I just bought a new boat that has a Northern Flight pop-up blind on it.  The blind only has the black cold-weather wind blocker on it right now, so I'm looking for camo to add over it.  I want to go with the grass look, but i'm trying to find the best deal and set-up to attach it on.  Anyone out there with the Northern Flight blind have any ideas or pics of theirs?  I'm not sure if I like the 4'x4' grass mats that Cabelas makes.....i kinda want something more mossy looking.....  ideas/pics?  

Thanks!


----------



## rspringer (Mar 9, 2010)

shaggy panels from Mudbuddy.


----------



## slayer1 (Mar 9, 2010)

You can also get a couple of trash bags of Spanish Moss to take hunting and add it as needed .  Grab a few different colors of spray paint to paint the moss to match you hunting terrain.


----------



## DuckGodLiaison (Mar 10, 2010)

slayer1 said:


> You can also get a couple of trash bags of Spanish Moss to take hunting and add it as needed .  Grab a few different colors of spray paint to paint the moss to match you hunting terrain.



That's actually a really good idea!  I've never thought of that, but it would be super easy to use and there's PLENTY of it around.......and FREE!  
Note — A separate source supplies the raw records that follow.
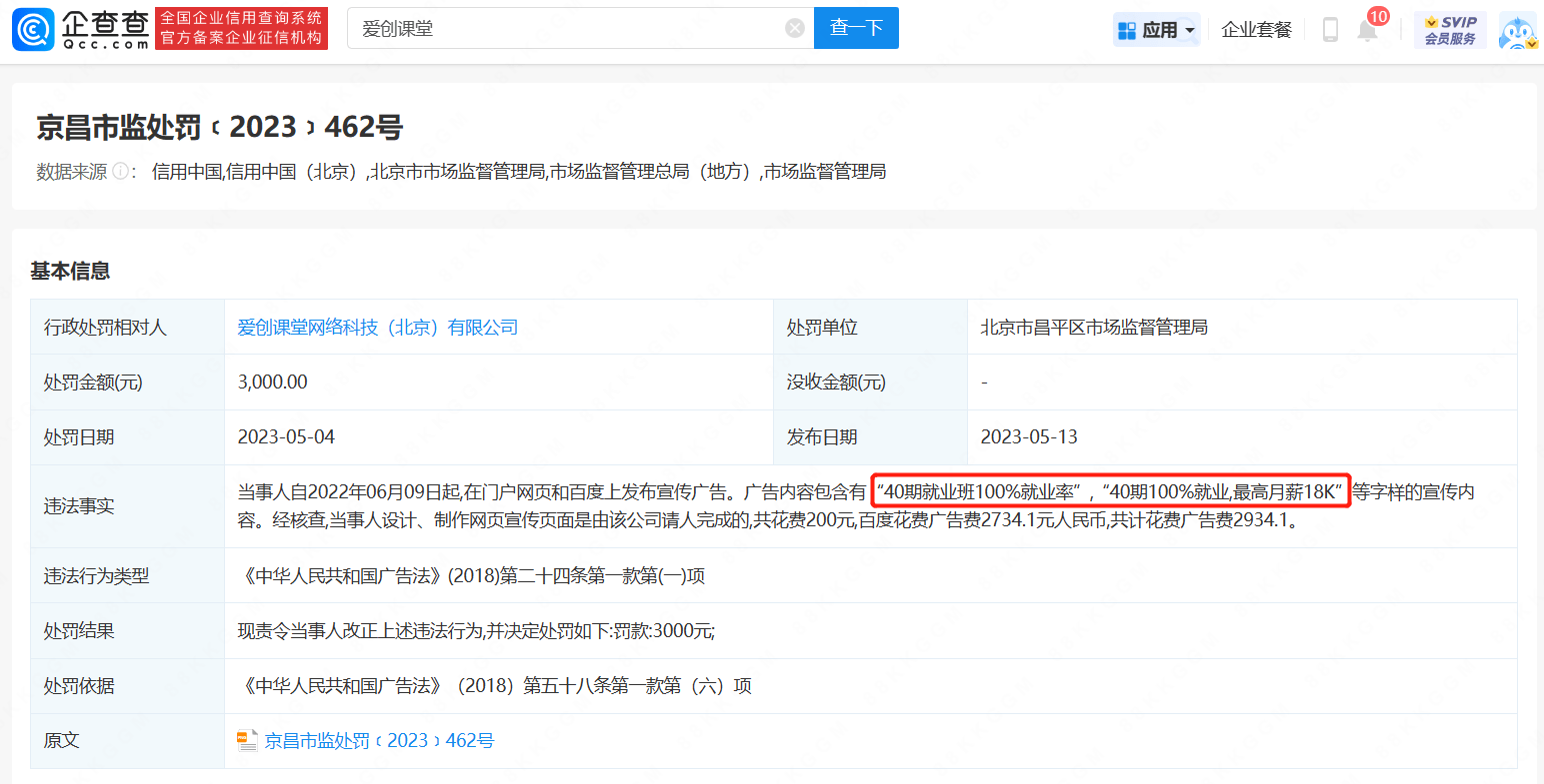 企查查APP顯示,近日,愛(ài)創(chuàng)課堂網(wǎng)絡(luò)科技(北京)有限公司因違反廣告法被北京市昌平區(qū)市場(chǎng)監(jiān)督管理局罰款3000元。處罰詳情顯示,該公司的廣告內(nèi)容包含有“40期就業(yè)班100%就業(yè)率”,“40期100%就業(yè),最高月薪18K”等字樣的宣傳內(nèi)容。公開(kāi)信息顯示,愛(ài)創(chuàng)課堂是一家前端培訓(xùn)機(jī)構(gòu),主要業(yè)務(wù)為培訓(xùn)前端工程師。
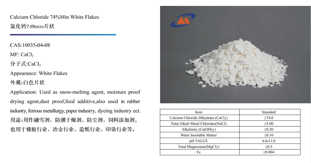 Calcium Chloride 74%Min White Flakes
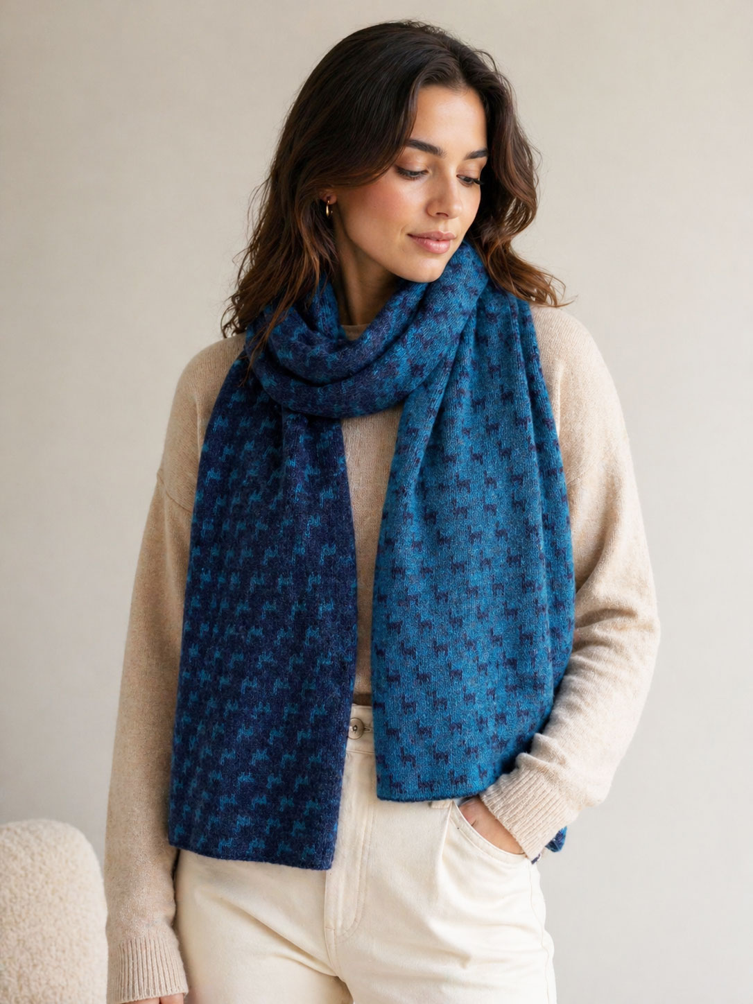 Alpaca Motif Scarf - Denim/Teal Melange - 1
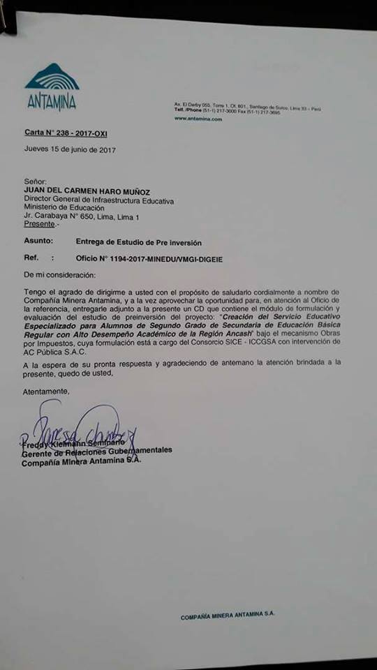 Así mismo, en compañía del alcalde de Cátac, José Maguiña Ortiz, el Ing. Carlos Flores Acevedo, representante de la compañía Minera Antamina, en la reunión con el director general de infraestructura educativa del ministerio de educación, ing. Juan del Carmen Haro, con el propósito de generar compromisos para la construcción del Colegio de Alto Rendimiento COAR – Cátac.
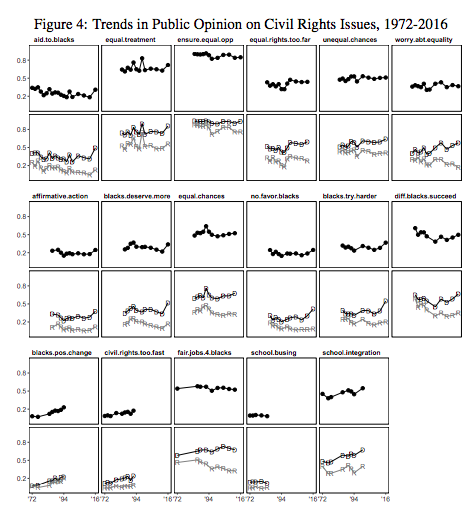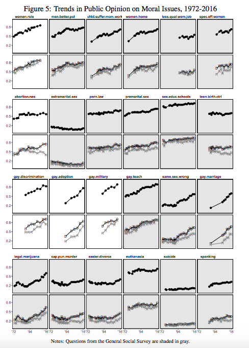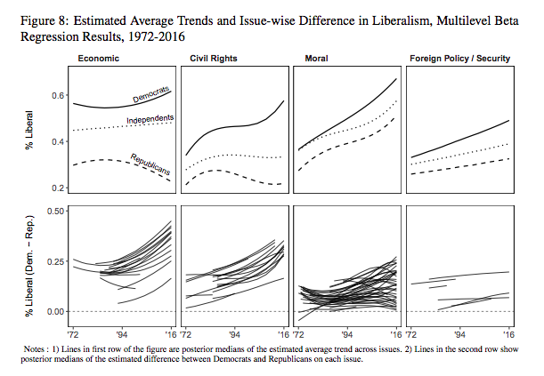 For Wednesday, two working papers of note. 1) There is no Culture War. On moral issues, both Dems and GOP are trending leftward over the long term. It just looks like a war because Dems are moving a bit faster, widening the gap. https://static1.squarespace.com/static/50e64c35e4b02b36141d5175/t/5c3bc0c470a6ad9840caf482/1547419844717/12_22_JoP_SecularTrends_Final.pdf …pic.twitter.com/qDfMetW9Ln
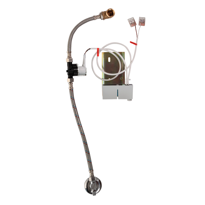 SLP 54RS - Supply No. 11545 - radar flushing unit including Bluetooth module on the mounting rail, electromagnetic valve, connecting hoses, angle valve with filter and check valve, inlet fitting with a rubber sealing, paper drill template
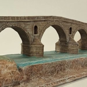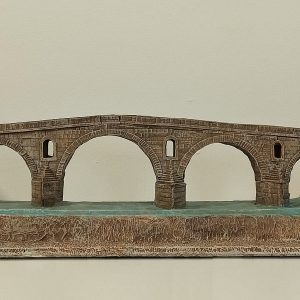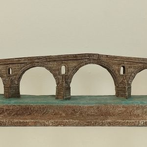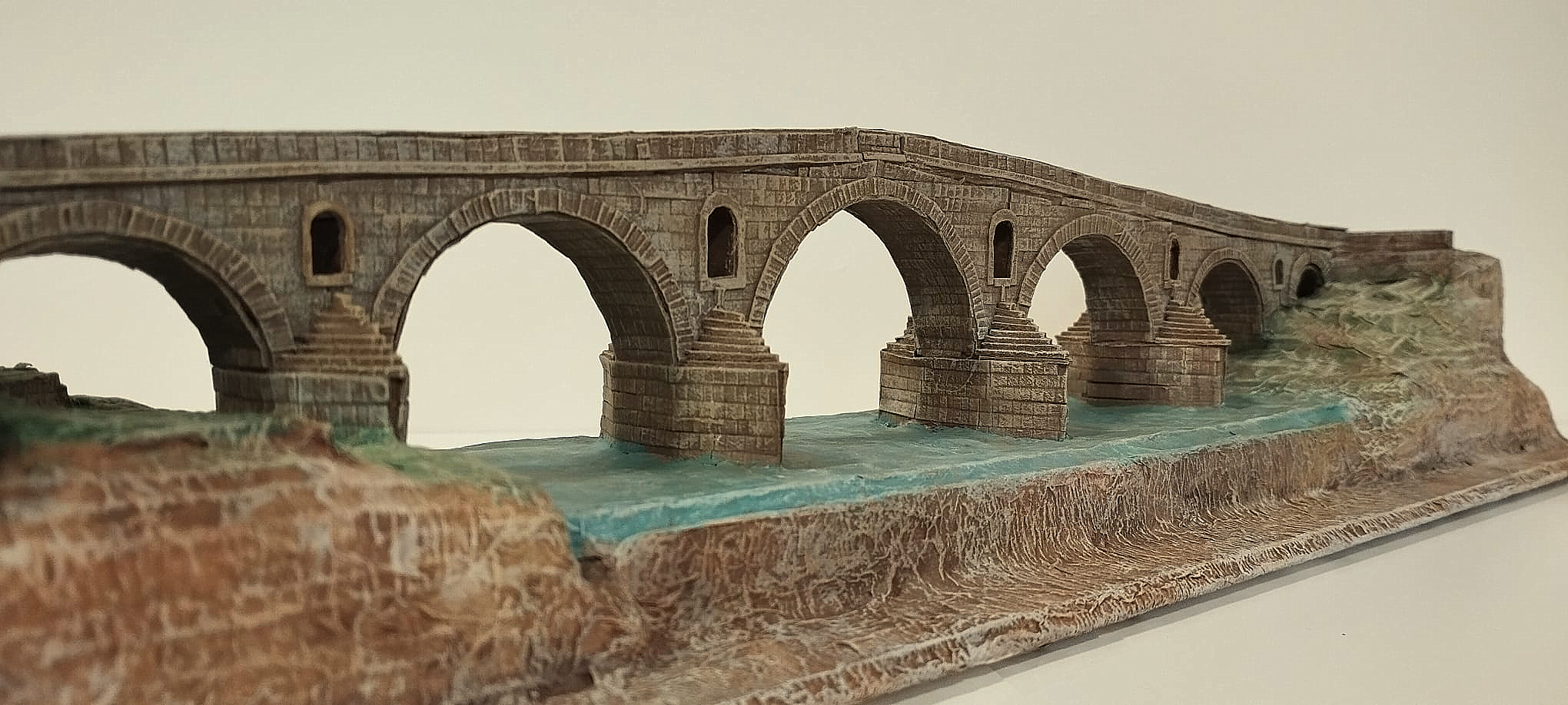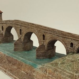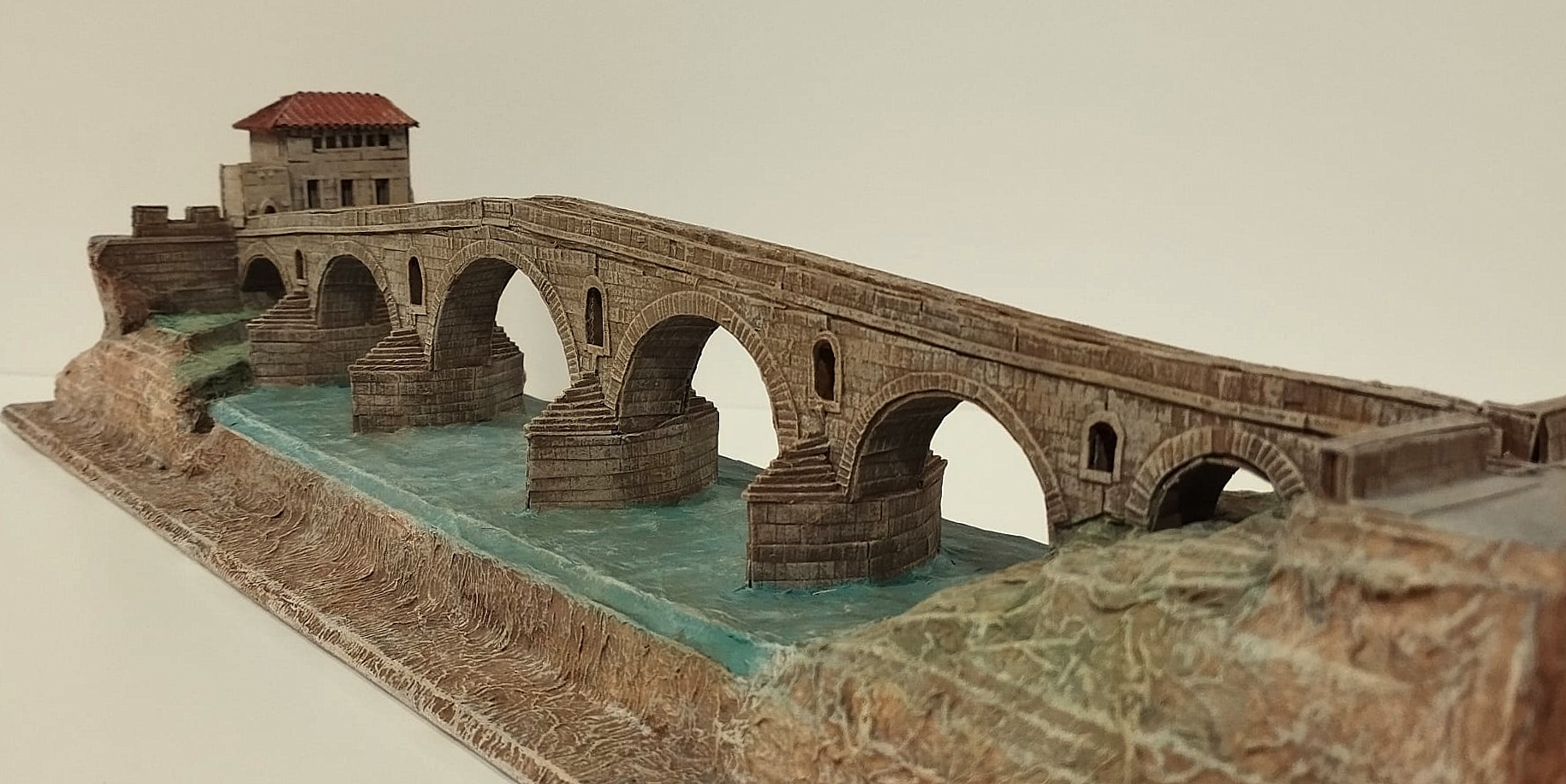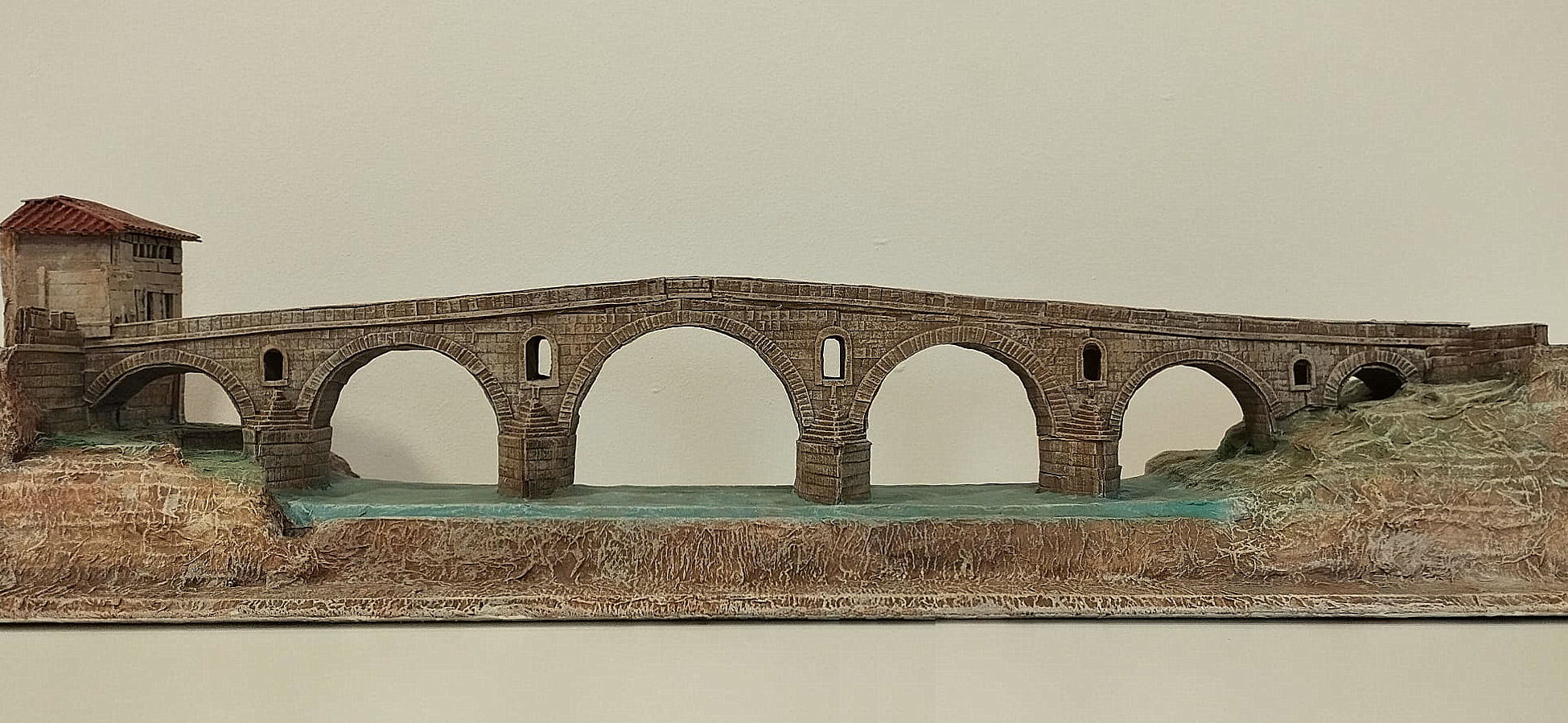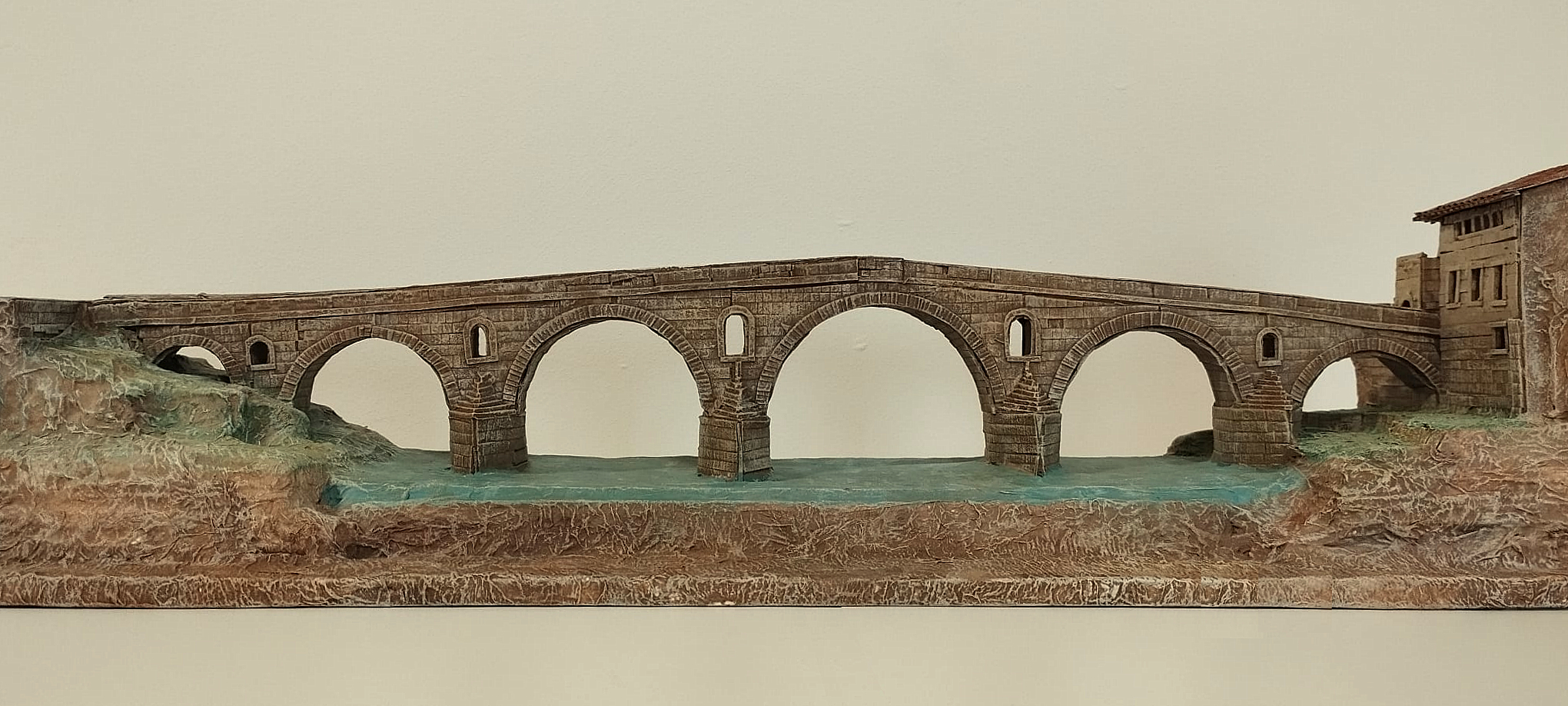 Esta maqueta busca mostrar el carácter singular de este monumento excepcional, con su largo trazado y su singular esbeltez. Se ha trabajado considerando la impresión que causa al peregrino, tanto a su paso como en la visión desde ambas orillas.
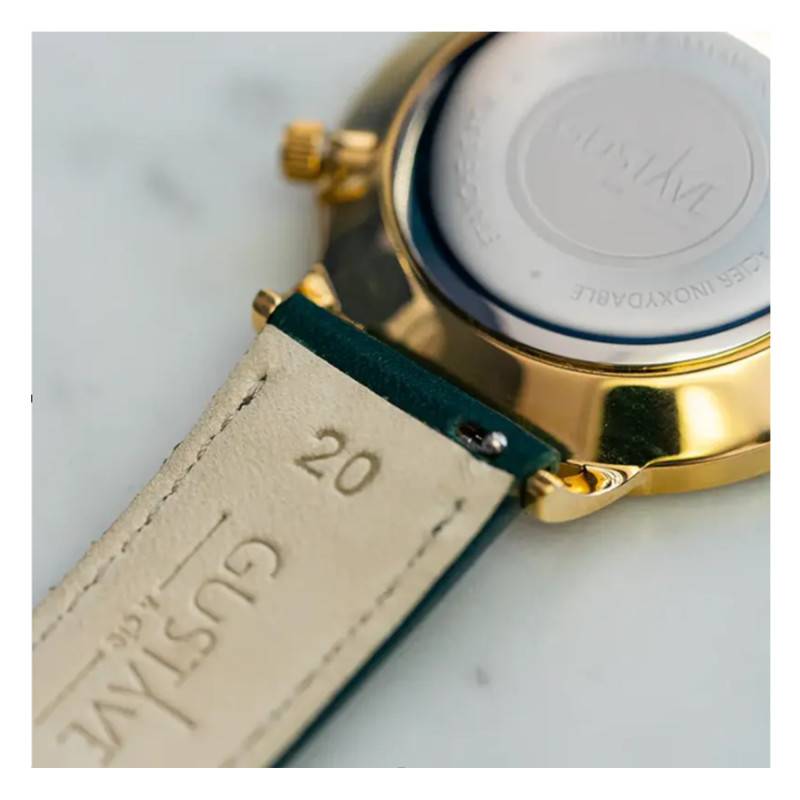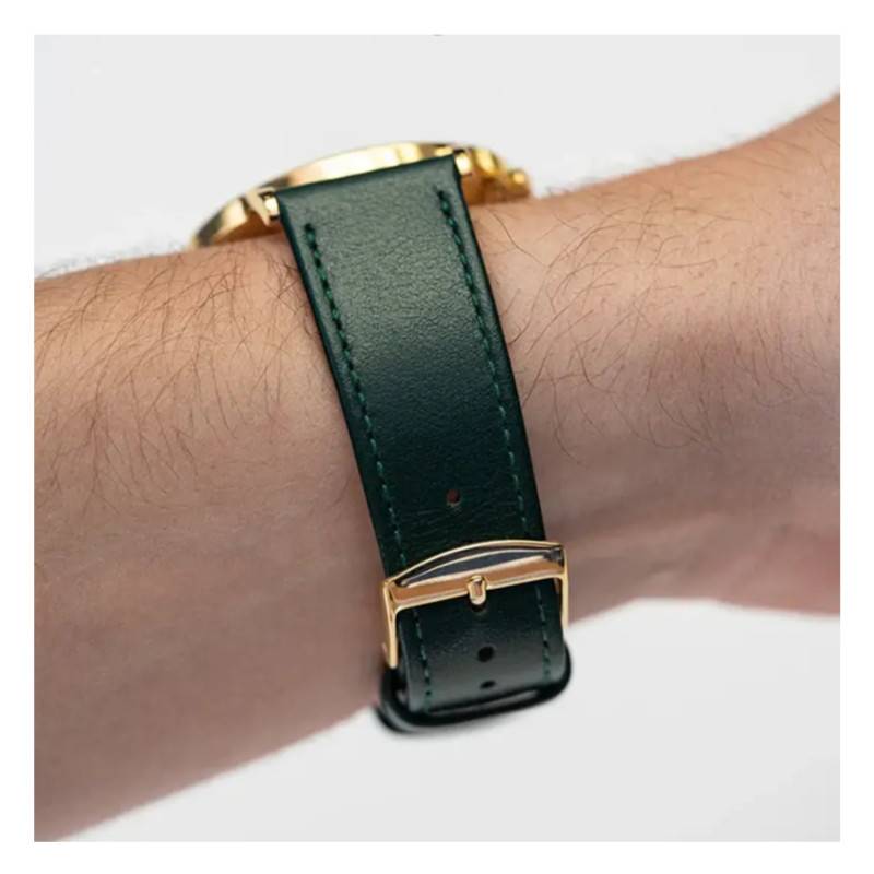 Le bracelet de cette montre est un modèle d'élégance et de robustesse. Réalisé en cuir de vachette, il offre une texture lisse et résistante, idéale pour un usage quotidien. Sa couleur vert émeraude lui confère une personnalité unique, ajoutant une note de fraîcheur et de sophistication à votre poignet. Les surpiqures discrètes accentuent le raffinement de la pièce, témoignant d'une grande attention aux détails. Le fermoir à boucle ardillon assure une fermeture sécurisée tout en ajoutant une touche de classicisme à l'ensemble. Avec une entrecorne de 20 mm, il est conçu pour s'adapter parfaitement aux boîtiers de taille standard. Sa taille de 110/90 mm permet une flexibilité d'ajustement, convenant aussi bien aux poignets masculins qu'à ceux des femmes.

I actually ran across this website that sales bulk raffia grass (Prairie Grass) for super cheap.  For $43 you can get 10lbs, opposed to Cabela's $79 price for the same amount.  I figured I could zip tie it to the mesh netting that came with my blind.  (http://www.jstern.com)

EDIT:  I forgot to add that the seller called me back and is going to send me the mesh lining that was supposed to come with the blind.  So now i'll have something to zip tie the grass to.


----------



## cmk07c (Mar 16, 2010)

*Red bugs???*



slayer1 said:


> You can also get a couple of trash bags of Spanish Moss to take hunting and add it as needed .  Grab a few different colors of spray paint to paint the moss to match you hunting terrain.



don't complain if you get red bugs.... If you do, take lenty of finger nail polish.


----------



## DuckGodLiaison (Mar 17, 2010)

yeah I thought about that........you'd have to wear gloves!


----------



## aaber (Mar 17, 2010)

Best bet is to get the avery como net buck brush is the best then just cover with killer weed it will last you forever the 4x4 grass mats stink you will be lucky to get one season out of them


----------



## Cajun_in_GA (Apr 7, 2010)

shaggy panels are the ticket.


----------



## catalpa (Apr 10, 2010)

check Purser's Place Cochran,GA


----------



## DuckGodLiaison (Apr 12, 2010)

outdoor store?  what do they have?


----------